Я чмокнул её в щёку:

— Мир?

— Да, зароем топор войны.

— Кстати, Джоcлин, как к тебе официально обращаться: мисс или миссис Хендерсон? Или лучше — миз? Ты, вообще-то, замужем?

— Я разведена, и зови меня Джо. ОК?

— Yeah, — я улыбнулся.

Мы прошли немного по полю и вернулись обратно, к ангару.

— Я тебя покину на время — дела. Подожди Дарью, она вернётся, — Джо посмотрела на часы, — часа в два; пока можешь отдохнуть.

— Джо, извини, можно мне на время выделить один из компьютеров — я начал работать над книгой, пока жду — хотел бы кое-что набросать.

— ОК, я распоряжусь. Подойди к Наташе, она говорит по-русски, — и, улыбнувшись и махнув ручкой, она, доставая смартфон, подошла к одной из машин, стоящих у стены. Я вернулся в компьютерный зал и подошёл к шатенке.

— Наташа?

Она подняла на меня густо подведённые зелёные глаза:

— Да, — по-русски.

— Джослин разрешила мне поработать…

— Да, пожалуйста, — Наташа встала и, подойдя к соседнему столу, включила компьютер. Выбрав учётную запись гостя и набрав пароль, она встала и пригласила меня, указав на кресло, — вот, прошу Вас.

— Можно на «ты». Я — Сергей.

— Да, я знаю… Сергей.

Девушки за другими столами, улыбаясь, бросали на нас любопытные взгляды. Я сел и, открыв Word, попытался сосредоточиться, что было нелегко под таким пристальным вниманием нескольких пар девичьих глаз. Но постепенно удалось собрать мысли, и я погрузился в работу, вспоминая и фиксируя события моей жизни…

Около часа дня Натали (я решил называть её так) пригласила меня на обед; кстати, я почему-то отметил, что она, в отличие от других девушек, не пользовалась духами — от неё пахло чистым и свежим женским телом. Мы сели за один столик, нам подали кушанья.
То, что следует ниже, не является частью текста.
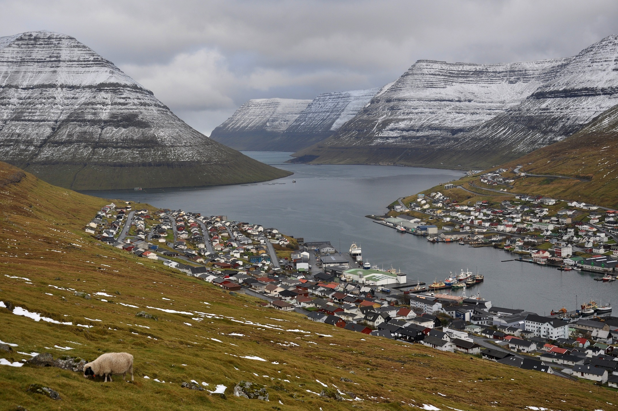 View over Klaksvík (Borðoy, Faroe Islands, Denmark), looking north into the Haraldssund fjord. At left is the island of Kunoy.

Меню было таким: салат из зелени с лососем и яйцом, грибной крем-суп, рибай-стейк с запечённой капустой и соусом, яблочный пирог и сок манго.

— У вас очень вкусно кормят, — похвалил я местную кухню.

— Спасибо, Сергей, — сказала она, улыбнувшись, — мне тоже нравится.

— Скажи, Натали, а что ты делаешь сегодня вечером? — спросил я, изобразив обольстительную улыбку ловеласа.

— Ты хочешь пригласить меня в кино? — откровенно издеваясь, спросила она.

— Да, то есть не в кино, а ко мне в номер, посмотрим телевизор, сыграем в «66», в шахматы, — я решил подыграть ей.

— Как-нибудь в другой раз.

— Ну, в другой, значит, в другой; всегда к вашим услугам, — согласился я. Мы вернулись к своим компам.

Я успел набросать кое-какие заметки и размышлял над тем, кому их отправить, не без основания полагая, что из-за границы мне будет сложнее передать их. Остановившись на Семёне — редакторе новостей, с которым у меня были неплохие отношения, я уже собирался спросить у Натали, как мне войти в сеть, и в это время появилась Дарья в светлой кожаной курточке и джинсах. Она подошла ко мне и с улыбкой протянула мой загранпаспорт и зарядку от телефона.

— Даша… Можно я буду тебя так называть? — обратился я к ней. Она кивнула, и я продолжил:

— Милая Даша, скажи мне, пожалуйста, ты выключила свет в прихожей?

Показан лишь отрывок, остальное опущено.